Seperti biasa, di koridor sekolah, Aurora berjalan dengan wajah datar. Tidak ada yang heran dengan penampilannya; "ice girl" adalah julukan yang tepat untuknya. Semua orang yang berbicara dengannya biasanya langsung menyerah atau merasa enggan melanjutkan percakapan, karena Aurora hanya menjawab pertanyaan yang dianggap penting dan biasanya dengan satu atau dua kata.
"Pagi, my ice girl!" sapa Mavendra tiba-tiba, membuat Aurora menoleh ke arahnya.
Aurora mendengus sebal, tanpa menjawab sapaan dari cowok di depannya itu.
"Nanti lo ada acara apa enggak? Kalau nggak ada, ikut gue, yuk?" ajak Mavendra sambil menaik-turunkan kedua alisnya.
"Gue sibuk," jawab Aurora dengan nada tak bersemangat.
"Sibuk apa?" tanya Mavendra penasaran.
Aurora mengedikkan bahunya tanpa menjawab lebih lanjut dan langsung berjalan meninggalkan Mavendra di koridor.
"My Mine, you mau kemana?!" teriak Mavendra, mencoba mengejar.
Sesampainya di kelas, Aurora segera duduk di bangkunya yang berada di pojok kanan. Ia meletakkan tas di bawah meja, lalu merebahkan kepalanya di meja dengan tanda lelah.
Pagi, Ra," sapa Nina sambil duduk di sebelah Aurora.
Aurora mendongak dan menatap sahabatnya. "Pagi."
"By the way, tadi gue nggak sengaja liat lo ngobrol sama Mavendra. Tumben banget, bias—"
"Apa? Gue terpaksa, Na," sahut Aurora dengan nada berat sambil menghela napas panjang.
"Maksudnya? Gue belum ngeh, Ra."
"Aneh tuh anak, tiba-tiba ngeklaim gue jadi pacarnya."
Brakkk!
Semua orang di kelas terlonjak kaget mendengar gebrakan dari Nina. Sementara Nina hanya tersenyum, memandang sekeliling dengan santai.

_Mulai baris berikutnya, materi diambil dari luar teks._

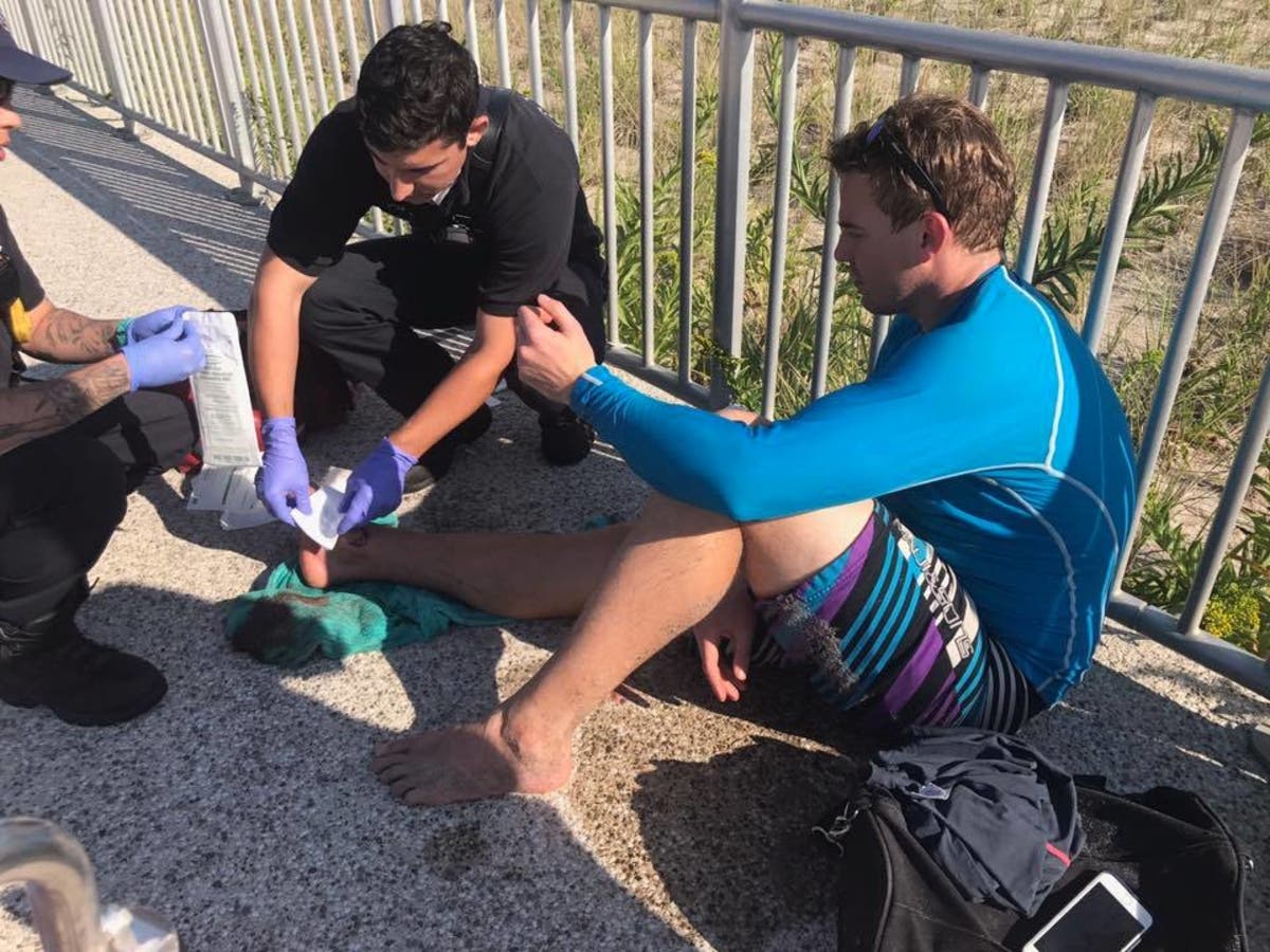 Paramedics responded to the Rockaway Boardwalk at Beach 96th Street to treat Behrend at 3:36 p.m. before taking him to Jamaica Hospital in Queens, an FDNY spokesman said. The FDNY was unable to confirm whether the cuts on Behrend's foot came from a shark bite.

"Maaf-maaf," ucapnya kepada teman-teman sekelasnya, masih dengan senyum yang tak hilang dari wajahnya.
KAMU SEDANG MEMBACA
MAVENDRA [END]
Teen FictionMenaklukkan cewek dingin? Tidak ada di kamus milik Mavendra. Cowok dengan kain yang selalu melingkar di kepalanya. Ini semua karena dia mendapatkan dare dari sahabatnya untuk meluluhkan seorang cewek yang berwajah datar dan irit bicara. Ia kira, pe...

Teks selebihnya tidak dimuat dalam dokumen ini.